How not to learn Spanish: Building too much stuff, not studying enough

Postby **emk** » Sat Mar 09, 2024 6:35 pm

MorkTheFiddle wrote:After my post yesterday I tried using the Windows Ubuntu app. The process still did not succeed, but at least Ubuntu gave me an error message clearly laying the blame on the lack of a certificate.

I suspect that in order to substudy working on Windows, we'll need someone familiar with either the Windows Console or Powershell. Substudy.exe is a normal Windows command-line app (not an Ubuntu app, or a MinGW app), and it requires a working ffmpeg install. I can see that substudy works on Windows, because the command-line test harness actually manages to run it on Windows, and it sees the expected output. But that happens on a Windows test server in the cloud, and I can't access it directly.

Unfortunately, I can't turn the test harness setup into step-by-step instructions. So sadly, I think we'll need to wait to see whether someone makes a walkthrough video.

Postby **emk** » Sat Mar 09, 2024 11:02 pm

Whooo! Whisper works!

I now have some very reasonable looking subs for Avatar 01.03, which I've never had. When I started this project, I had good subs for espisodes 01.01, 01.02, 01.05 and 01.06—and nothing else. This was never enough to really do the study experiment right; I could have used another 2-4 episodes.

But Whisper is working!

avatar_01_03_good_subs.jpg

These subs actually match the audio, unlike the SRT files I originally used. It takes less than a minute to process a 20-minute episode, and it costs about US$0.15. I really think this changes the game, at least for popular languages and clearly-enunicated audio.

And there are tons of sites that offer automatic subtitle translation once you have an SRT file. So this means you can get bilingual subtitles!

Subtitle wrapping and splitting. The other thing I've been working on is splitting subtitles. For example, this subtitle is too long in most video players, and it's a bit too long to make an ideal audio card:

Han pasado cien años y la nación del fuego está alcanzando la victoria\nen esta guerra.

But I found a Knuth-Plass line-breaking library and experimented until I could get clean breaks:

Code: Select all

12
00:00:44,300 --> 00:00:47,100
Han pasado cien años
y la nación del fuego

13
00:00:47,100 --> 00:00:49,080
está alcanzando la victoria
en esta guerra.

Remember, when these get turned into cards, I always add (1) the previous and next lines, and (2) 1.5 seconds of audio padding before and after. This makes it feasible to study cards with sentences cut in two.

Next challanges. The Whisper→SRT code isn't quite good enough yet. There are two problems:

"Phantom" subtitles. These tend to be short, common phrases. But they don't actually exist in the audio track, and the guestimated timing is garbage. I need to strip these out, somehow. I get a half dozen of these per episode.
Subtitles which start early/end late. Whisper is surprisingly good about know what words it heard in what order. But oftentimes, when it's looking at tiny words like "el" and "en", it knows it heard them, but can only say, "Somewhere in that 5 seconds, I think?" So for most subtitles, the timing is tight. But occasionally you get a subtitle which starts 5 seconds too early, or ends 5 seconds too late. I think I can clean this data up with a few heuristics.

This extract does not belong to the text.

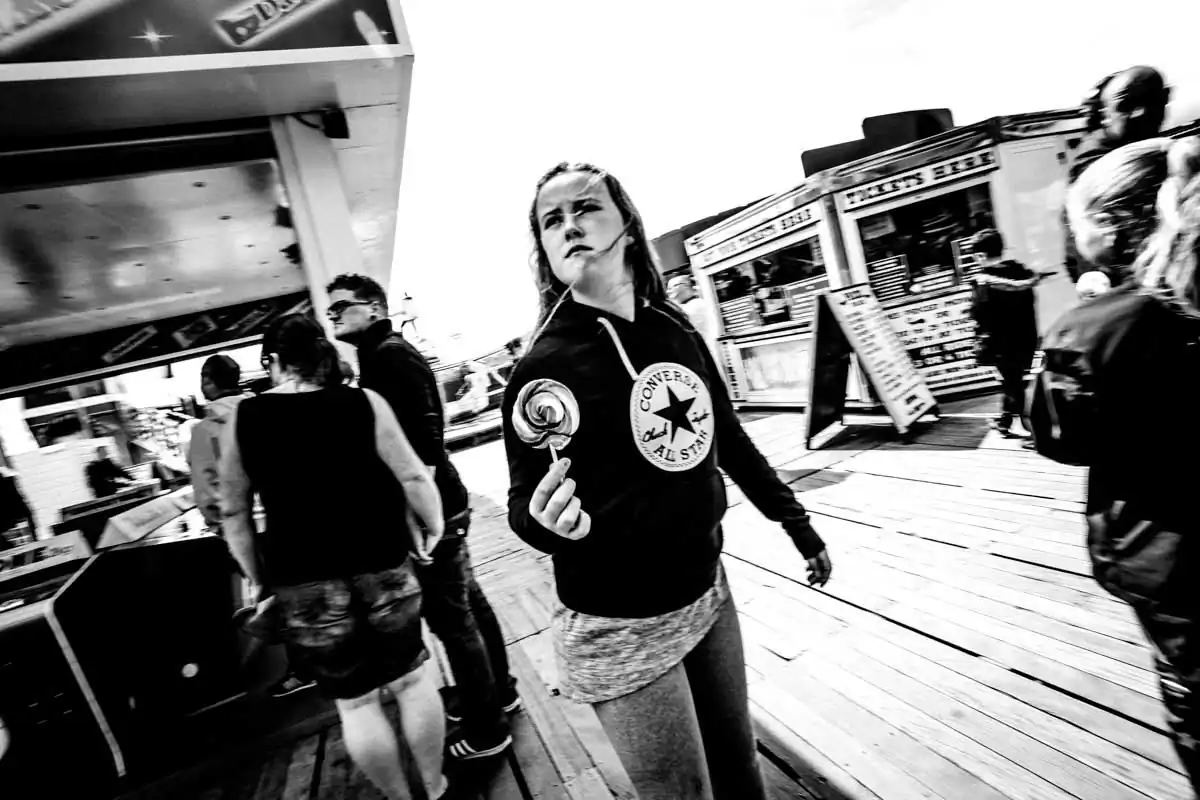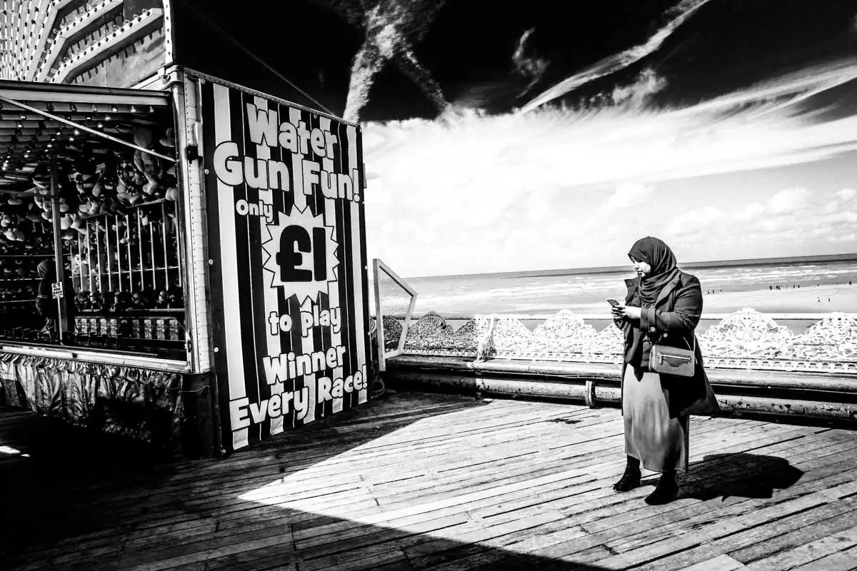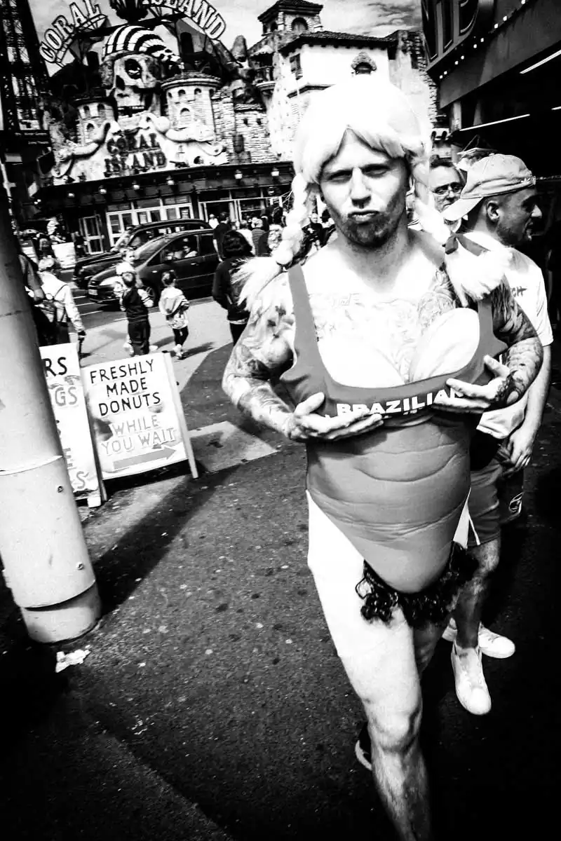 I take the plane to Manchester, the train to Blackpool. Rain is predicted, so I decide that photographing the storm at sea will be my consolation; little do I know that the sea will only seldom appear in my pictures. I had seen “The Last Resort” by Martin Parr but the work does not cross my mind as I set off on my journey to this whimsical hybrid of Coney Island and Las Vegas, where Elvis Presley is still alive and a miniature version of the Eiffel Tower soars above the Irish Sea. I have no expectations of Blackpool and no preconceptions. It is a place as anonymous to me as I am to it; a makeshift wonderland where the insatiable craving for wonder far exceeds the wonder itself. On this terra incognita, I sketch a path of meridians and parallels through wandering flocks of young and old caught in consumption frenzy, eager to fit as many thrills as possible into the smallest window of time. Blackpool is after all a weekend getaway; a traditional destination for no-holds-barred stag and hen parties and wacky characters. It is also a playground for kids with painted faces wearing candy-colored tops, gangsta hoodies, and fake tattoos, fervidly dragging their moms and pops (and vice versa) in and out, to and fro amusement parks, bingo halls, arcades, and restaurants. “Kids eat free!” A sense of self-perpetuating urgency and appetite pervades the air, accompanied by the frantic cry of seagulls. In this vortex of bread and circuses, mouths and hands are always busy with fish & chips, Blackpool rock candy, and cell phones. Mini dramas and the occasional contemplative moment pop up when least expected. I hold them forever still by the click of the shutter. And between moments, as I pause to squint at the blinding light bouncing off the trams and horse-drawn carriages competing with the human traffic, I catch a whiff of the sea and a cool shiver. It begins to drizzle again but soon the clouds clear, the crowds reappear, and the big wheel resumes its spinning. From sunrise to sunset I scour the back alleys and the promenade, watching life unfold before my eyes, untiring and resolute; rowing against the current, diving into the hard shadows, a quasi-tourist with a camera and a backpack of surplus equipment I never use. On the second day, I leave my weight at the hotel and I am free; free to roam, dissolve myself, and “sniff, sniff, sniff” for coincidence, as Henri Cartier-Bresson so tellingly put it.
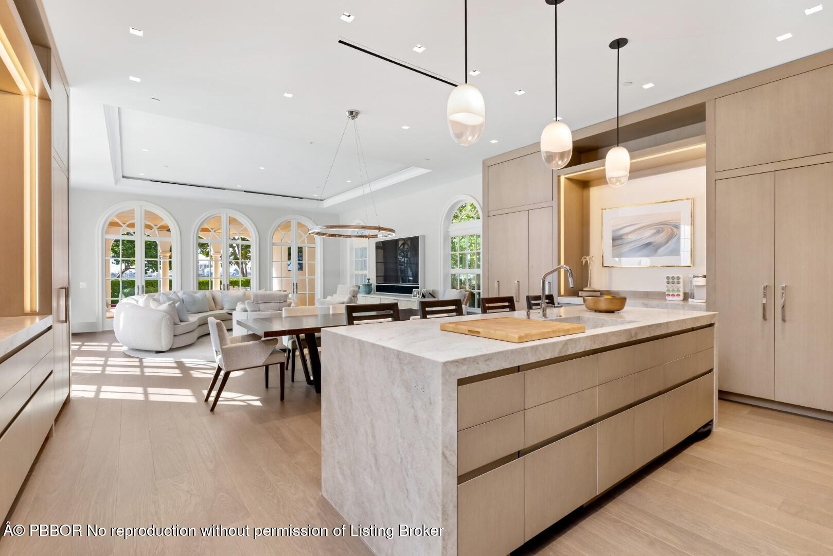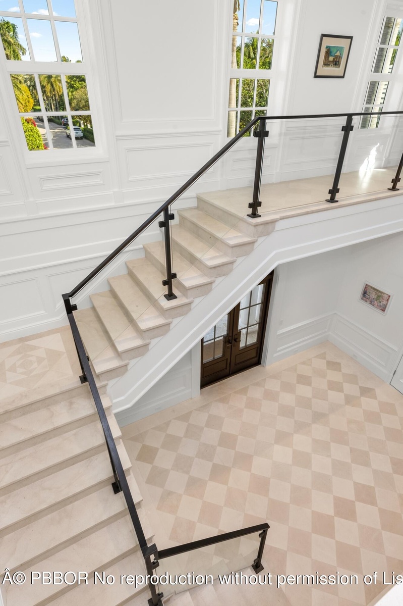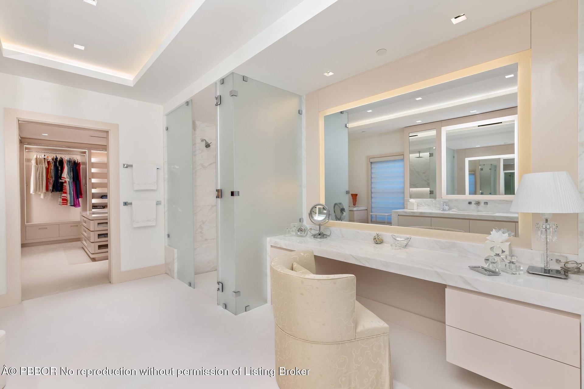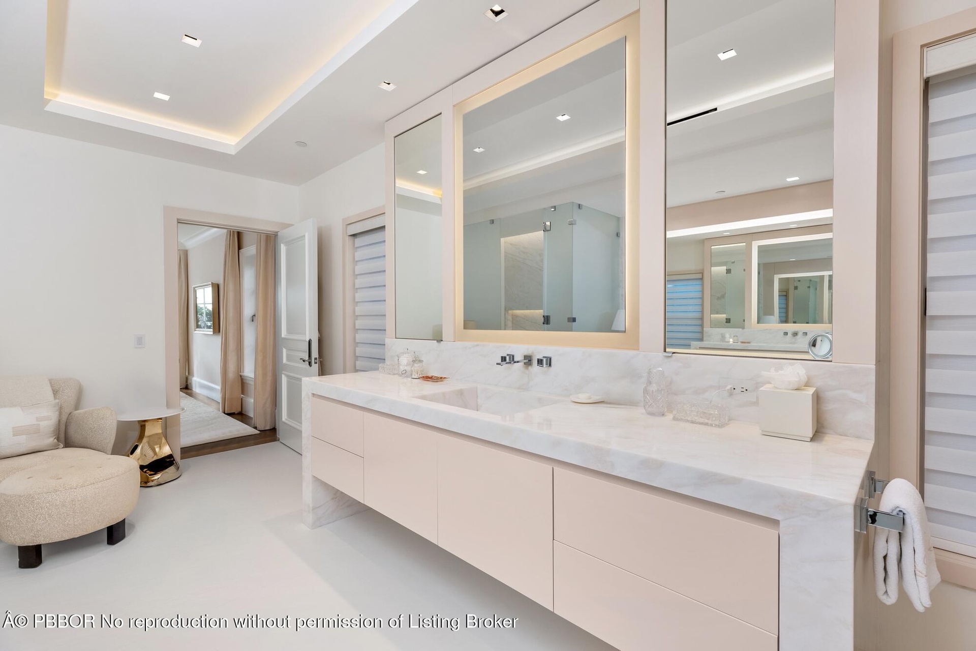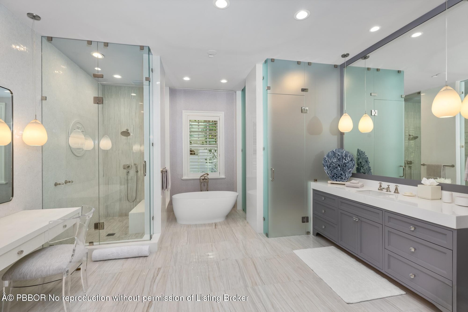 Pristine and rarely available Intracoastal front estate located in Palm Beach's serene North End. Highlights include 7BR/9.3BA, 150+/- feet of Intracoastal frontage, deep-water dock with boat lift, and over 17,000 total square feet. This rare and luxurious home boasts breathtaking lake and sunset views from all principal rooms. Gorgeous Island Colonial with stunning stone and hardwood flooring, high ceilings, and great natural light. First and second floor Primary Suites with dual baths and closets. Formal living room with fireplace and French doors leading to covered loggia. Stunning library with built-ins, formal dining room with butler's pantry, and light-filled family room. Eat-in entertaining kitchen and professional chef's kitchen both equipped with top-of-the-line appliances. The second floor Primary Wing features a large open terrace with built-in cold plunge and spa. Atop the North and South Garages are two fabulous flex spaces each with a full bath and closet - one currently set up as a staff room and the other as an exercise room. Additional highlights include two laundry rooms, elevator, and ample storage space. This home is perfect for both indoor and outdoor entertaining with multiple covered loggias and spacious terraces. Large swimming pool with sun shelf and spa are surrounded by beautifully landscaped grounds.

So I'm really optimistic—this is getting close to the point where it's a big win. Pick a clean TV series in a major language, feed the audio into Whisper & substudy (& optionally a translator), spit out a deck of really quite decent audio cards. And the more tools I can combine into one, the easier it gets.

Oh, and all the time that I'm working on this code? I'm listening to Spanish dialog, reading Spanish subtitles, and checking carefully to make sure they match. So some studying is getting done by accident. :lol:

Postby **rdearman** » Sun Mar 10, 2024 12:29 am

Don't suppose you have uploaded the rust/whisper code anywhere? I am curious.

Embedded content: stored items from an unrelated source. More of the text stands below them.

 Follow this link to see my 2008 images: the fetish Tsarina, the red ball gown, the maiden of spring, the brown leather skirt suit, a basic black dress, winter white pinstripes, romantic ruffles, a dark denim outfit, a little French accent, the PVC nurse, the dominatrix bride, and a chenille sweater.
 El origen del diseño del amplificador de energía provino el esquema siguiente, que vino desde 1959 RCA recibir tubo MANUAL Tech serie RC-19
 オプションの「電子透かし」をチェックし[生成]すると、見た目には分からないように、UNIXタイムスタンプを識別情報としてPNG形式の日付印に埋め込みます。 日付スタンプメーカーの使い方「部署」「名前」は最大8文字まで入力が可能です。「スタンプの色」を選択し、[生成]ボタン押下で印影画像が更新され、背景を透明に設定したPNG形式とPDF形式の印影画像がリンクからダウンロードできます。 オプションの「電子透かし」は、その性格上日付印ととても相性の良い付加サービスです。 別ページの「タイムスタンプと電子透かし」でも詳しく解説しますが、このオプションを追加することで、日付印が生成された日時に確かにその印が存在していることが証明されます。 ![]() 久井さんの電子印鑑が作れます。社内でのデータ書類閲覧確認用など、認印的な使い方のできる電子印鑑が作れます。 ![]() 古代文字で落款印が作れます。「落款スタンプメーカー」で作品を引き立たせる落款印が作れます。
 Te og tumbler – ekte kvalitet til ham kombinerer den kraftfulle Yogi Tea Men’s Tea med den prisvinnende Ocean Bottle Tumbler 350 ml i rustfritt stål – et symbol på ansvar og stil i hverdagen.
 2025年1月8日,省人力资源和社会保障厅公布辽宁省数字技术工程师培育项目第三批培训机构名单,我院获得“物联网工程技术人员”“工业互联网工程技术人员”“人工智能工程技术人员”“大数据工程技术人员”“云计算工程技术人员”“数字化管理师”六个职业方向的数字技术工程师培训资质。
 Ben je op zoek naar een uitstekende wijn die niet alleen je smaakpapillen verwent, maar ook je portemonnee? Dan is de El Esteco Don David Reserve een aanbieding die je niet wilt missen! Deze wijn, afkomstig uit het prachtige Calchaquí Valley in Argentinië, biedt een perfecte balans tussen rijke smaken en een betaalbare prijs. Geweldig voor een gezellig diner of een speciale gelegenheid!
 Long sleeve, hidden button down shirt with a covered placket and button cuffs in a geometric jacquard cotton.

Postby **emk** » Sun Mar 10, 2024 4:17 am

rdearman wrote:Don't suppose you have uploaded the rust/whisper code anywhere? I am curious.

I'm going to polish everything up some more, and make a release.

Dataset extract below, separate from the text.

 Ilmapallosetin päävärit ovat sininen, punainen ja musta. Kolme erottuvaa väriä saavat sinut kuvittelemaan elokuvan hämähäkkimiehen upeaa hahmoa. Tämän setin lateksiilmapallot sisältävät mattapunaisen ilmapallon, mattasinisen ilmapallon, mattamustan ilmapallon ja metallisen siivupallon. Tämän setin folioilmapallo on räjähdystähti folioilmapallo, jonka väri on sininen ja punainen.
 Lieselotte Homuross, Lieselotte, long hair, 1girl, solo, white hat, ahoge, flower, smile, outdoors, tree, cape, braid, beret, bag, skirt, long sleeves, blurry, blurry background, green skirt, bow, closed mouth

My work-progress right now is on GitHub on the whisper2srt branch. You could theoretically try to get it working by looking at python-experiments/README.md and substudy/README.md. I'm running commands like:

Code: Select all

python whisper.py scratch/avatar_01_03.mp3 scratch/avatar_intro.txt scratch/avatar_01_03.json
env RUST_LOG=substudy::import::whisper=debug,substudy::segment=debug \
    cargo run -p substudy -- import whisper scratch/avatar_01_03.json > scratch/avatar_01_03.srt

But honestly, it's probably going to be far easier to wait until I finishing moving all the Python code to Rust, and until I finish dealing with weird subs and timing.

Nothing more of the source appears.